**Problem statement**: Leaving the pictures aside, repeat each line below exactly.

**Excerpted records**:
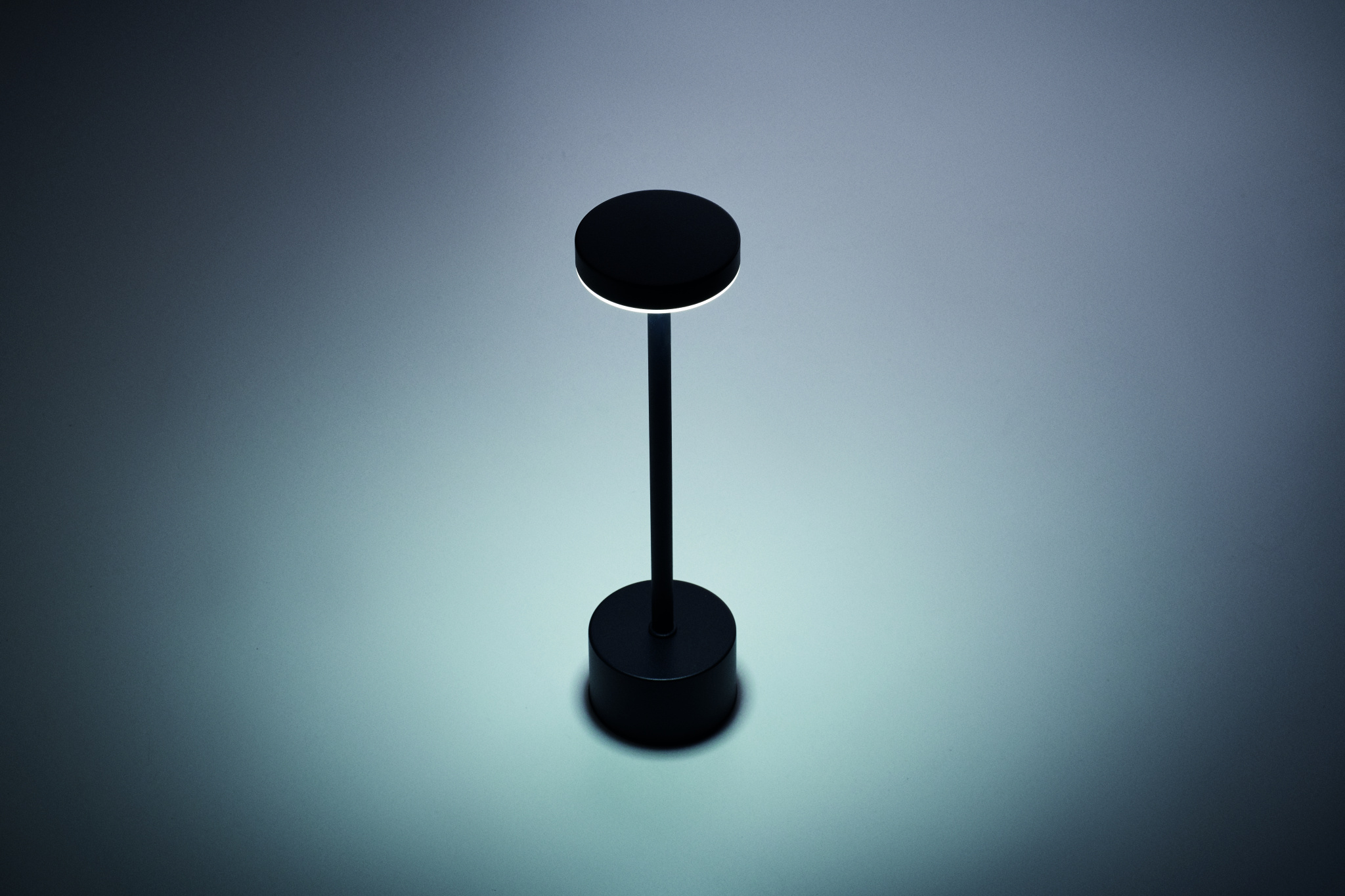 Aluminium table lamp with 24 LEDs, 3 light modes and touch control. Features stepless dimming and 1200mAh rechargeable Li-Ion battery with 6hr use.
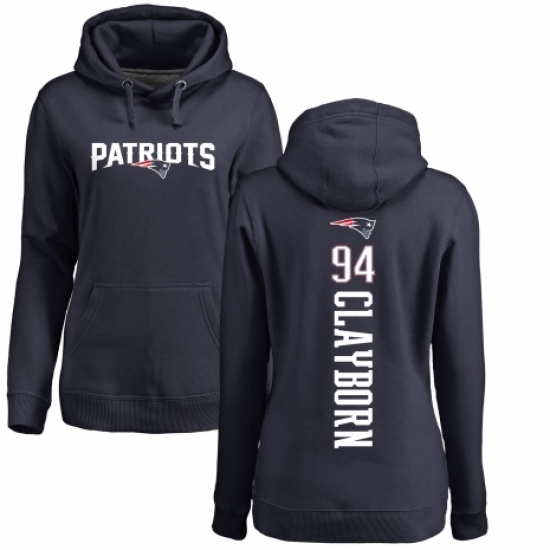 >NFL Women's Nike New England Patriots #94 Adrian Clayborn Navy Blue Backer Pullover Hoodie
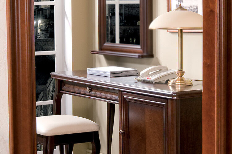 De Klasseschen Designer Spigel Italienesch Miwwelen Wandspigel Holz - Modell W-LP ass en exzeptionellt Stéck, dat en Touch vu Luxus an Eleganz an Äert Heem bréngt. Mat enger Héicht vun ongeféier 1510 mm, enger Déift vun 65 mm an enger Breet vu 636 mm, passt dëse Spigel perfekt an all Raum, egal ob et an engem Schlofzëmmer, Stot oder Wunnraum ass. D'Korpus ass aus héichwäertegem massivem Holz gemaach a lackéiert, fir en dauerhaften a reizvolle Look ze garantéieren. D'Réckwand an d'Ablagebrieder bestinn aus MDF, dat furnéiert a lackéiert ass, dat fir eng glat a modern Ofschloss suergt. Mat der Optioun vun Faarfwahl kënnt Dir dësen aussergewéinleche Miwwelstéck un Är perséinlech Dekorgewënner upassen.
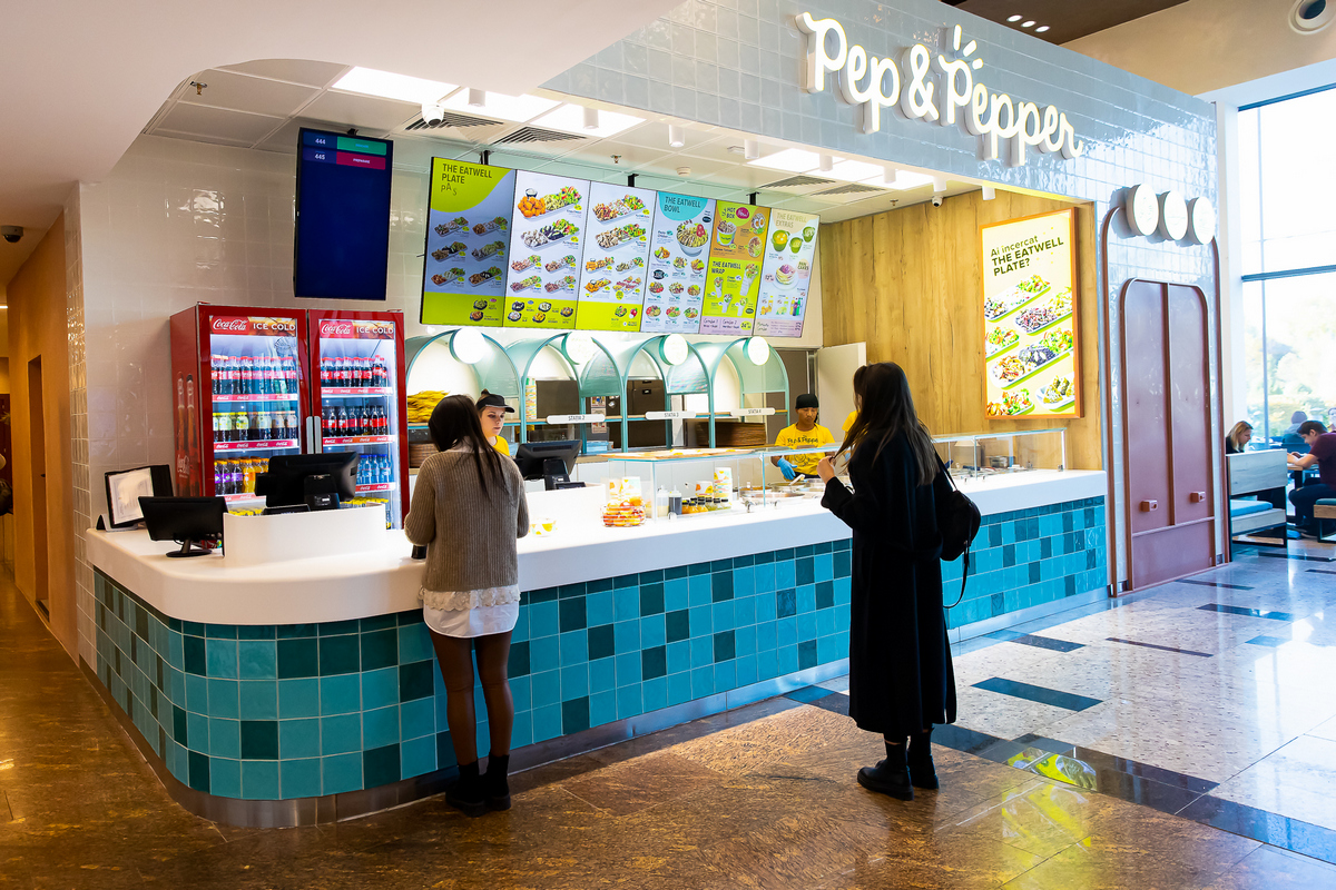 Pep & Pepper propune o masă echilibrată și gustoasă, gândită special pentru persoanele care adoptă un stil de viață sănătos și activ. Ingredientele proaspete și hrănitoare, atenția la procesul de preparare, dar și rețetele originale, precum marinarea cărnii timp de 12 ore, fac din meniurile Pep & Pepper alegerea perfectă atunci când vrei să te bucuri de o masă delicioasă și sănătoasă. Noua locație se află în food court, unde a fost amenajată și o zonă specială pentru cei care vor să se bucure de experiența Pep & Pepper.
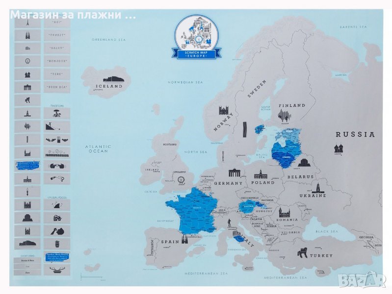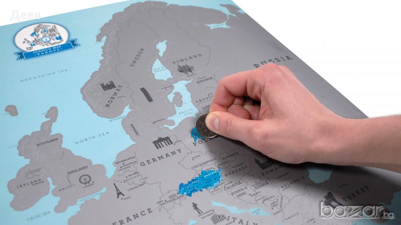 Европа е голяма, красива и местата, които всеки трябва да посети са наистина безкрайни! Ако имате неукротим, приключенски дух и обичате да пътувате и да си спомняте за всяко Ваше пътешествие, то тогава скреч карта Европа е точно за Вас. Благодарение на картата
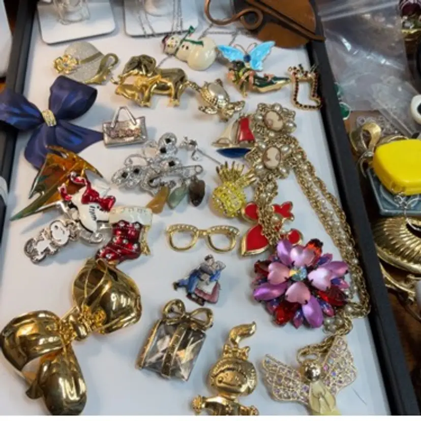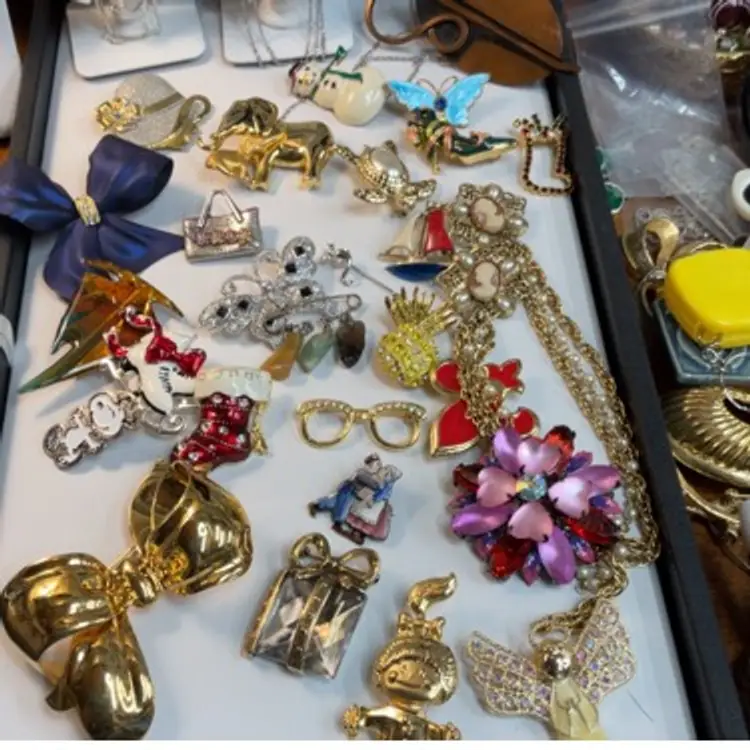 Welcome to our shop of mostly pre-owned and sometimes new jewelry treasures, trinket boxes, compacts - sometimes art and glass. Please follow us so you're in the know when we go live or add new items. Our curated beauties include a large selection of vintage pieces as well as many contemporary items. We also craft and design our own fun costume (and some fine) jewelry pieces, bookmarks, digital art and more in our small studio.

**Solution to this task**:
 Aluminium table lamp with 24 LEDs, 3 light modes and touch control. Features stepless dimming and 1200mAh rechargeable Li-Ion battery with 6hr use.
 >NFL Women's Nike New England Patriots #94 Adrian Clayborn Navy Blue Backer Pullover Hoodie
 De Klasseschen Designer Spigel Italienesch Miwwelen Wandspigel Holz - Modell W-LP ass en exzeptionellt Stéck, dat en Touch vu Luxus an Eleganz an Äert Heem bréngt. Mat enger Héicht vun ongeféier 1510 mm, enger Déift vun 65 mm an enger Breet vu 636 mm, passt dëse Spigel perfekt an all Raum, egal ob et an engem Schlofzëmmer, Stot oder Wunnraum ass. D'Korpus ass aus héichwäertegem massivem Holz gemaach a lackéiert, fir en dauerhaften a reizvolle Look ze garantéieren. D'Réckwand an d'Ablagebrieder bestinn aus MDF, dat furnéiert a lackéiert ass, dat fir eng glat a modern Ofschloss suergt. Mat der Optioun vun Faarfwahl kënnt Dir dësen aussergewéinleche Miwwelstéck un Är perséinlech Dekorgewënner upassen.
 Pep & Pepper propune o masă echilibrată și gustoasă, gândită special pentru persoanele care adoptă un stil de viață sănătos și activ. Ingredientele proaspete și hrănitoare, atenția la procesul de preparare, dar și rețetele originale, precum marinarea cărnii timp de 12 ore, fac din meniurile Pep & Pepper alegerea perfectă atunci când vrei să te bucuri de o masă delicioasă și sănătoasă. Noua locație se află în food court, unde a fost amenajată și o zonă specială pentru cei care vor să se bucure de experiența Pep & Pepper.
 Европа е голяма, красива и местата, които всеки трябва да посети са наистина безкрайни! Ако имате неукротим, приключенски дух и обичате да пътувате и да си спомняте за всяко Ваше пътешествие, то тогава скреч карта Европа е точно за Вас. Благодарение на картата
 Welcome to our shop of mostly pre-owned and sometimes new jewelry treasures, trinket boxes, compacts - sometimes art and glass. Please follow us so you're in the know when we go live or add new items. Our curated beauties include a large selection of vintage pieces as well as many contemporary items. We also craft and design our own fun costume (and some fine) jewelry pieces, bookmarks, digital art and more in our small studio.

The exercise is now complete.